What needs to be done.
Where the line containing "miugleベビーパール裸足サンダル花で、ラベンダー" appears below, start there and repeat each line exactly to the end. Leave the pictures out.

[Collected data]
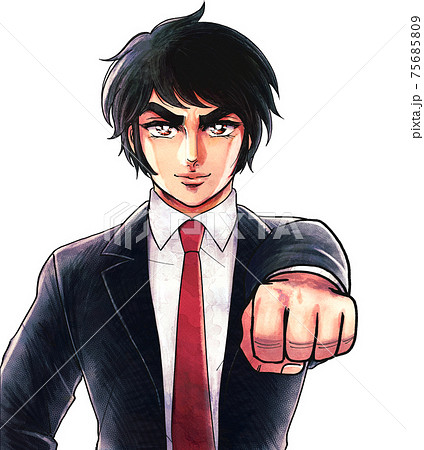 昔の漫画風・熱血教師あるいはサラリーマン・正拳突き
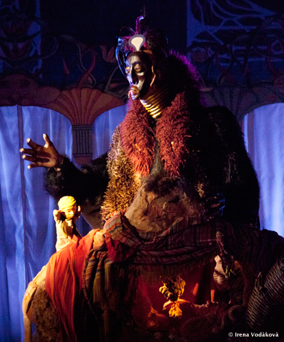 La risonanza della scenografia, evocante il mondo arabo e ancestrale de Le mille e una notte – di colori soffusi, lampade, grate e finestre – si scontra con le creature costruite dalla mente visionaria dei Forman. Il mago gigante, mostruoso, dalla maschera paurosa, che spaventa ed esalta i bambini, è il simbolo del terrore che suscita una fiaba, della tipica immersione in un’incredulità che è anche catartica.
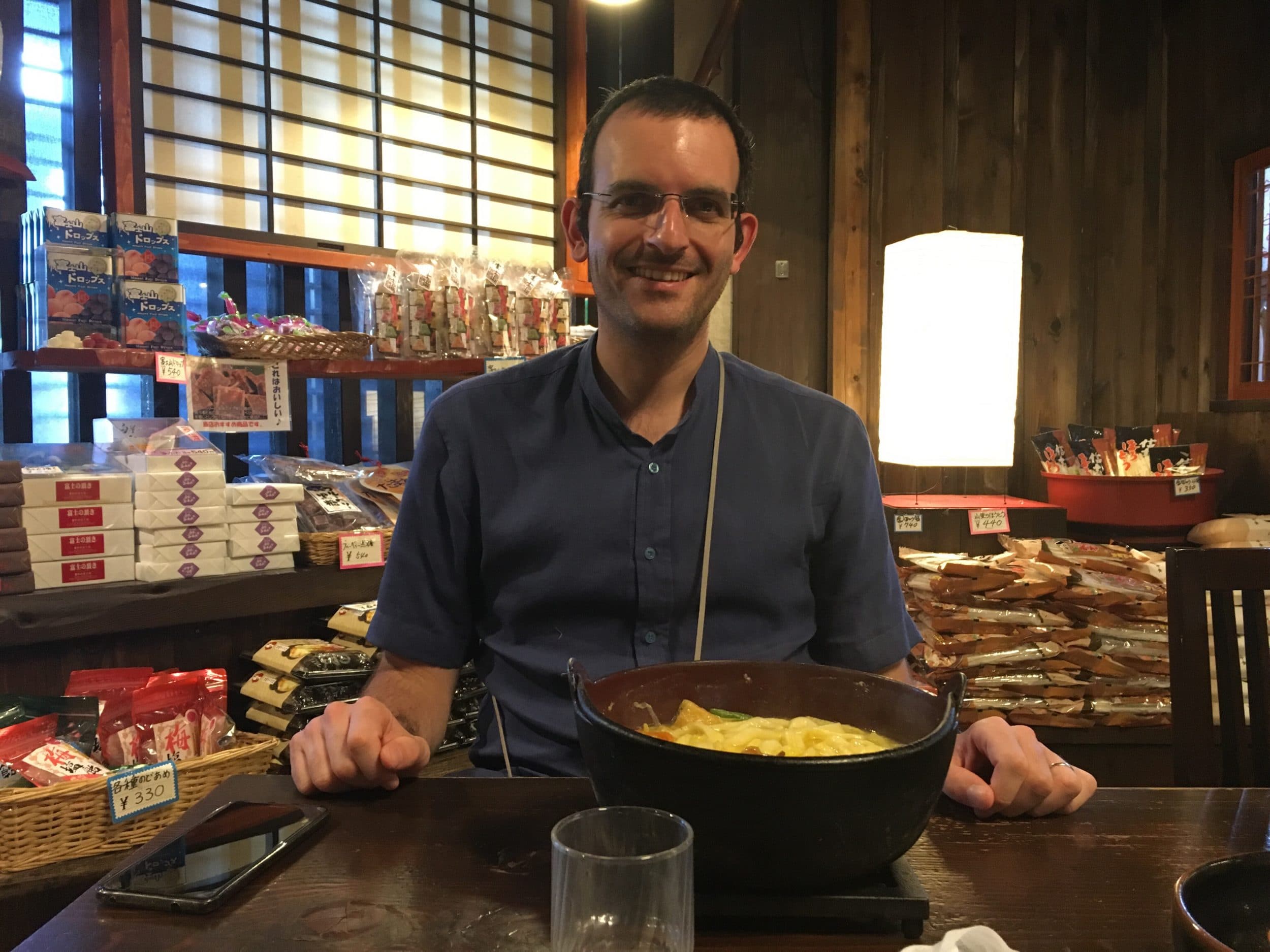 Deixa pra lá! Estamos à espera na fila de um restaurante em frente à estação. Apesar do mundo, está indo bem rápido, e pedimos a especialidade do restaurante, uma enorme tigela de macarrão. Ainda bem que estamos com fome. Eu até consegui terminar 2/3 da taça e JB 3/4 da taça! E ficaremos muito felizes por termos comido tanto porque também vamos levar 4h30 para voltarmos a Tóquio, sem saber
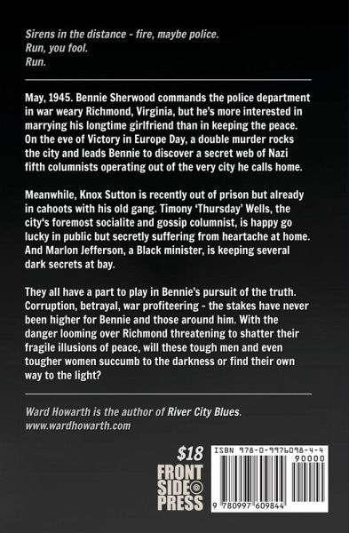 May, 1945. Bennie Sherwood commands the police department in war weary Richmond, Virginia, but he's more interested in marrying his longtime girlfriend than in keeping the peace. On the eve of Victory in Europe Day, a double murder rocks the city and leads Bennie to discover a secret web of Nazi fifth columnists operating out of the very city he calls home. Meanwhile, Knox Sutton is recently out of prison but already in cahoots with his old gang. Timony 'Thursday' Wells, the city's foremost socialite and gossip columnist, is happy go lucky in public but secretly suffering from heartache at home. And Marlon Jefferson, a Black minister, is keeping several dark secrets at bay. They all have a part to play in Bennie's pursuit of the truth. Corruption, betrayal, war profiteering - the stakes have never been higher for Bennie and those around him. With the danger looming over Richmond threatening to shatter their fragile illusions of peace, will these tough men and even tougher women succumb to the darkness or find their own way to the light?
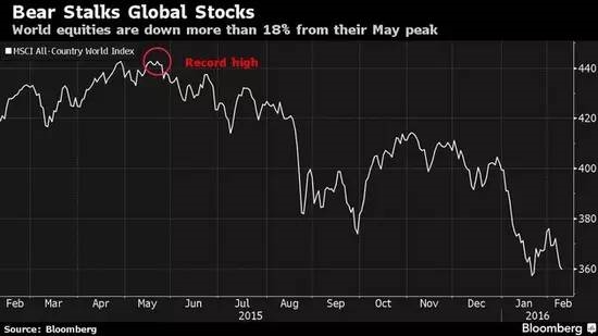 MSCI全球指数自去年5月的历史高点累计跌超18%,即将进入熊市。不过周二亚洲交易时段截至目前,该指数仅下跌0.4%,部分得益于亚洲多数地区因农历新年休市。
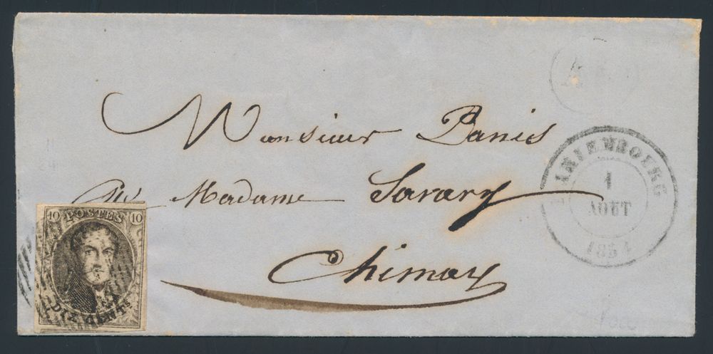 1324 imageN° 6, (with 2 neigbour) on letter with D.24 Mariembourg 1 Aug 1854, postbox letter cover AT, to Chimay, vf (OBP €17.50 + Coba €15)(Image 1) (Image 2)
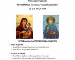 Την Τετάρτη 26 Ιουλίου, στις 9:00 μ.μ., θα τελεσθεί Αγρυπνία εις τιμήν και μνήμην του αγίου και ενδόξου Μεγαλομάρτυρος Παντελεήμονος […]
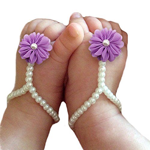 miugleベビーパール裸足サンダル花で、ラベンダー
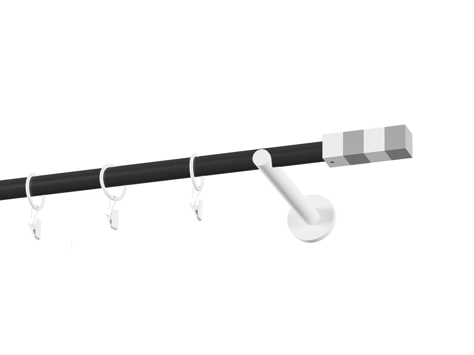 Jednoradová garniža s povrchovou úpravou - čierno biela lakovaná. Garniže sú dodávané sú v kompletoch. Tvar koncovky a typ držiaka podľa zadaného výberu.

Answer section.
 miugleベビーパール裸足サンダル花で、ラベンダー
 Jednoradová garniža s povrchovou úpravou - čierno biela lakovaná. Garniže sú dodávané sú v kompletoch. Tvar koncovky a typ držiaka podľa zadaného výberu.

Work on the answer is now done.